Soybeans rose to the highest in more than a month in Chicago as traders weighed concerns about dry weather in Brazil and slow harvesting in the U.S.
U.S. farmers had collected 53 percent of crops in main growing areas as of Oct. 19, behind the average pace of 66 percent, the U.S. Department of Agriculture said. While wet weather recently delayed fieldwork, conditions are expected to be drier this week in most areas, according to DTN. Brazil, the biggest exporter, is facing planting delays because of dry weather. Growing areas may see scattered showers late this week, DTN said.

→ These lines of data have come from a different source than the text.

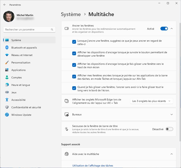 Il est possible de personnaliser le comportement des mises en page d’ancrage. Appuyez simultanément sur les touches Windows et I. La fenêtre des paramètres s’affiche. Cliquez sur Système dans le volet gauche et sur Multitâche dans le volet droit. Développez la section Ancrer les fenêtres en cliquant dessus. Voici comment devrait se présenter l’écran de paramétrage :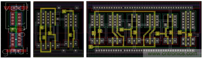 對於標準單元的版圖,根據工藝要求,標準邏輯單元的高度是固定的,寬度為最小單元寬度的公約數倍數,例如在圖3中,左圖為反向器(inverter,INV)的版圖,中圖為選擇器(multiplexer,MUX)的版圖,右圖為D型寄存器的(D-Flip Flop, DFF)的版圖。如上所述,從版圖設計中,可以導出並建立GDSII和LEF文件。GDSII文件經過設計簽核(design sign-off)過程由代工廠使用於芯片製造,LEF文件用於全芯片的P&R物理設計。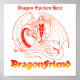 Poster impressionante de uma senhora corajosa e bonita com sua amiga Dragão. Tinta vermelha vibrante sobre um fundo branco estrelado com letras coloridas ferozes declarando que a senhora é amiga de todos os dragões.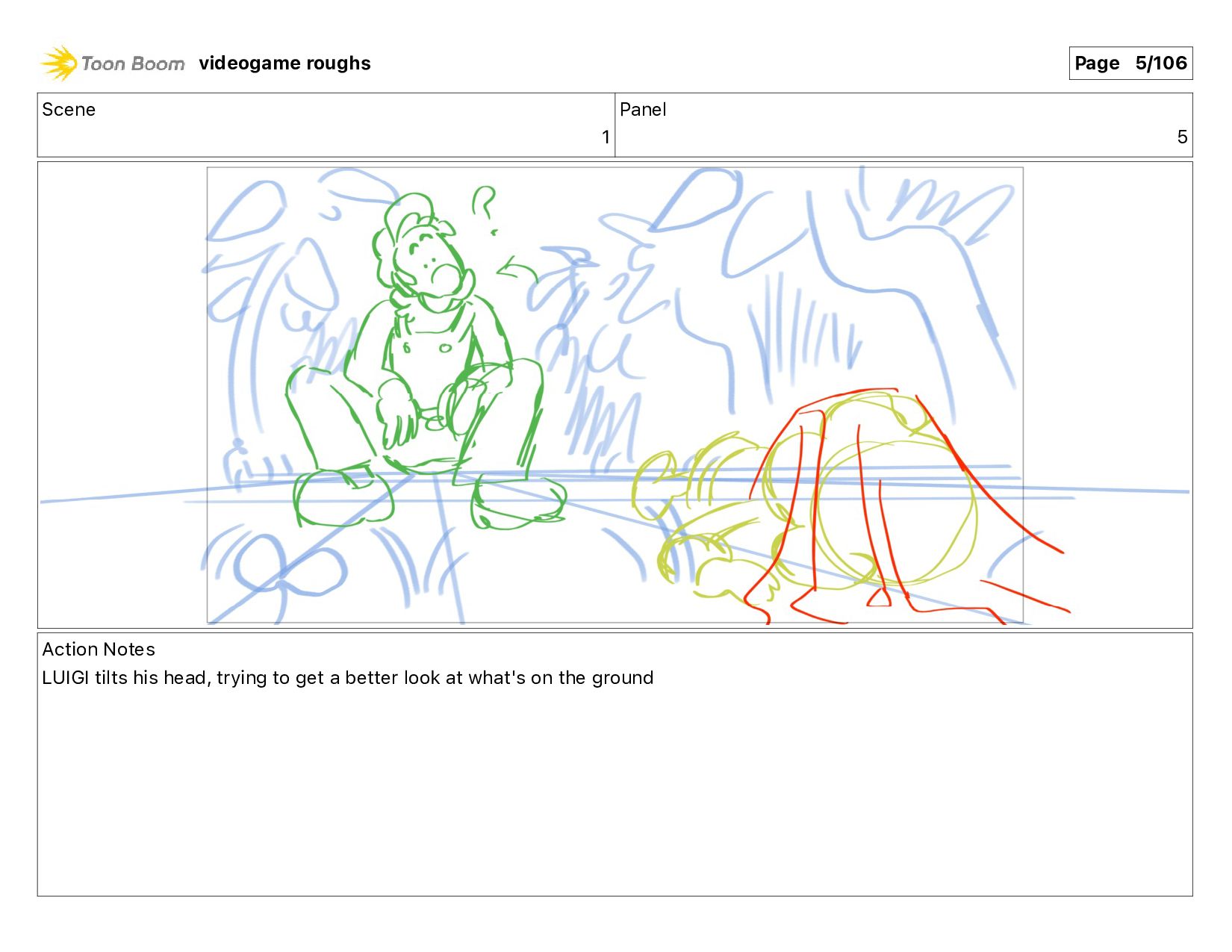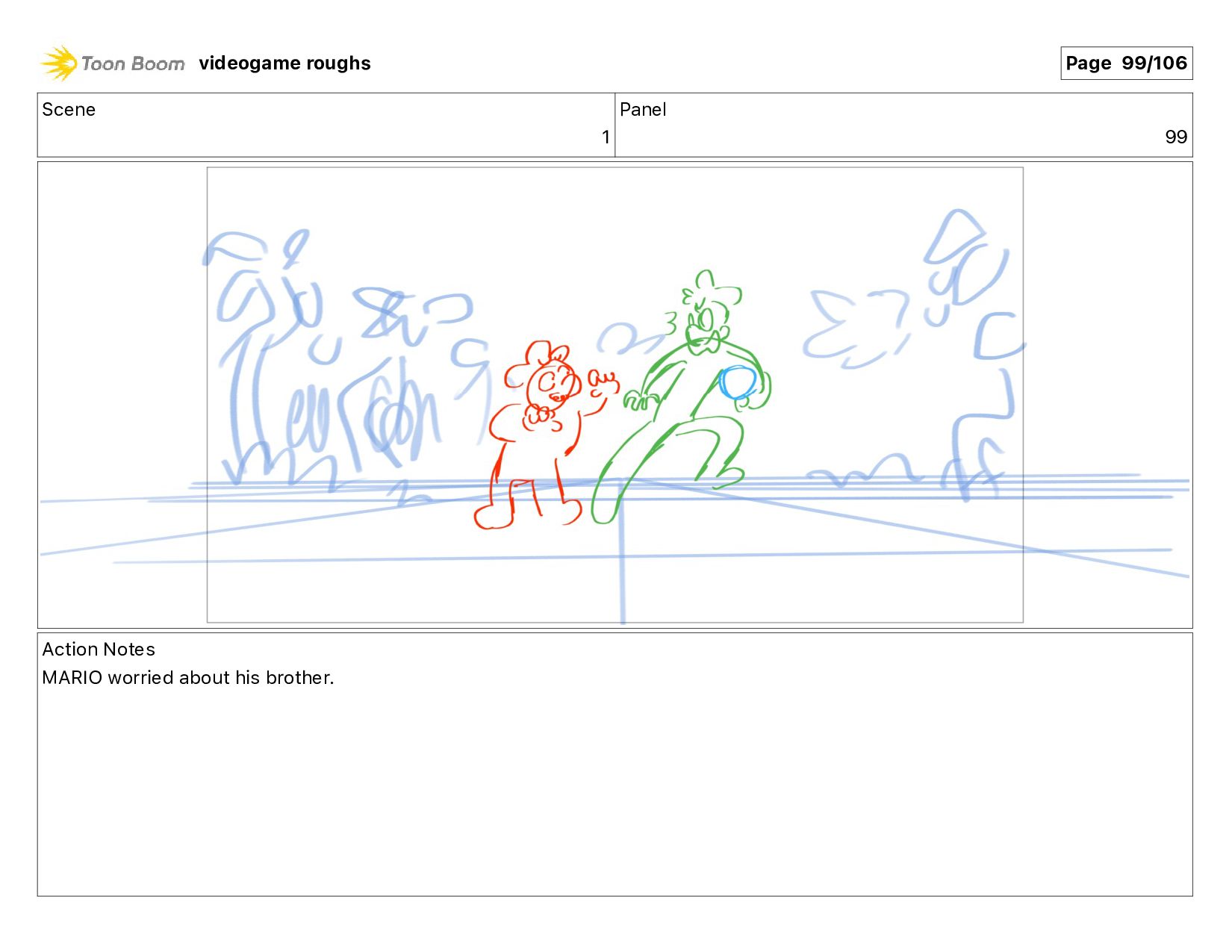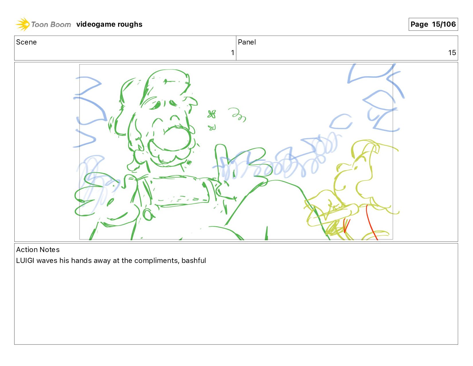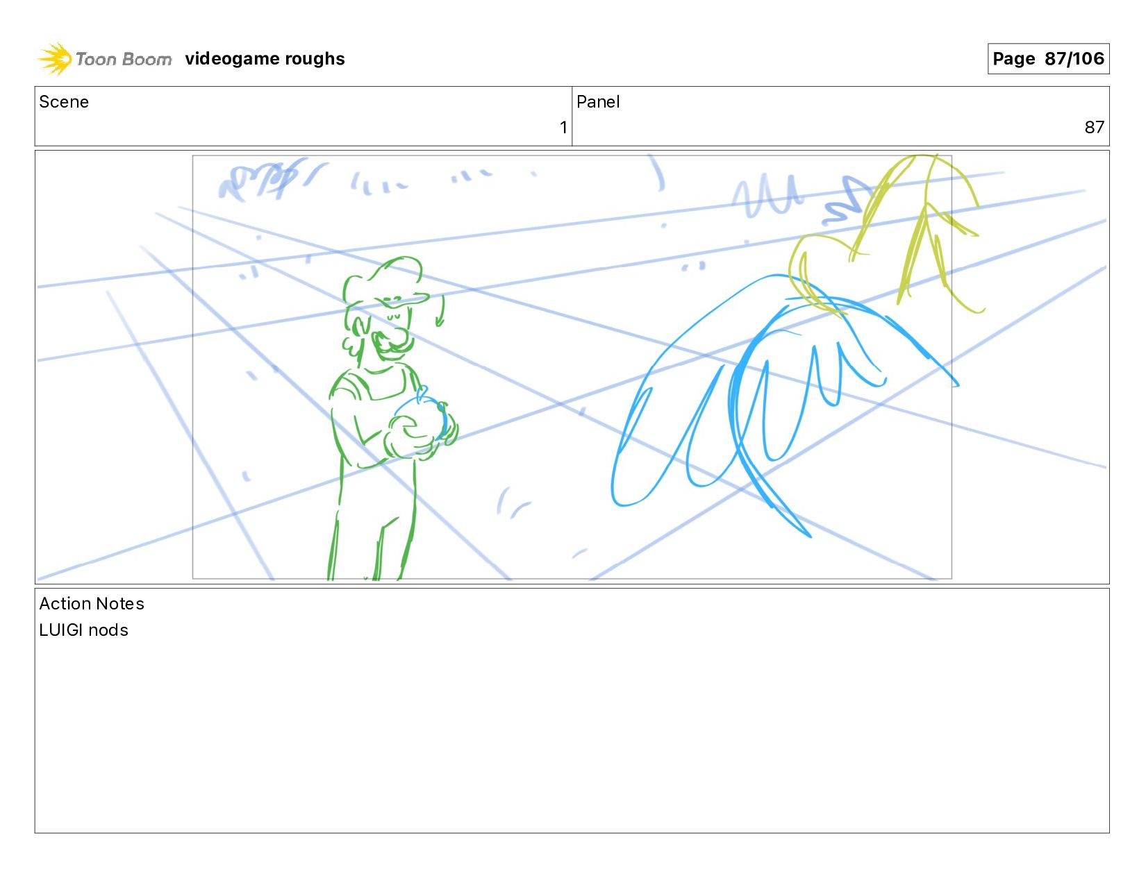 Scene 1 Panel 87 Action Notes LUIGI nods videogame roughs

In the U.S., “the harvest is slow and farmers are not selling,” Matt Ammermann, a commodity risk manager at INTL FCStone, said by telephone today. “If you look at the fundamental situation, it’s also a little dry in Brazil, but there’s rain in the forecast.”
Soybeans for November delivery rose 1.6 percent to $9.80 a bushel at 6:05 a.m. on the Chicago Board of Trade after earlier touching $9.825, the highest since Sept. 18. The price is still down 24 percent this year. The U.S. soybean crop will climb to a record 3.927 billion bushels, the USDA said Oct. 10.
Weather concerns mean some speculators may close out bets on falling prices, Ammermann said. Money managers were net-short 17,190 contracts as of Oct. 14, compared with a bearish position of 39,786 contracts five weeks earlier, U.S. Commodity Futures Trading Commission data show. Soybean demand also has increased from importers, with U.S. export inspections climbing 38 percent in the week to Oct. 16, the USDA said Oct. 20.
Corn for December delivery rose 1.3 percent to $3.605 a bushel, after earlier dropping 0.7 percent. Prices climbed 2.2 percent yesterday, the largest gain since Oct. 14. Thirty-one percent of the crop was collected as of Oct. 19, trailing the five-year average of 53 percent, according to the USDA. U.S. corn production is set to reach a record 14.475 billion bushels this year, the USDA says.
Wheat for delivery in December increased 0.5 percent to $5.22 a bushel. In Paris, milling wheat for January delivery rose 1.3 percent to 169 euros ($214.57) a metric ton on Euronext. Egypt, the world’s biggest wheat importer, bought 180,000 tons of the grain in a tender yesterday, with supplies originating from France, Russia and Romania.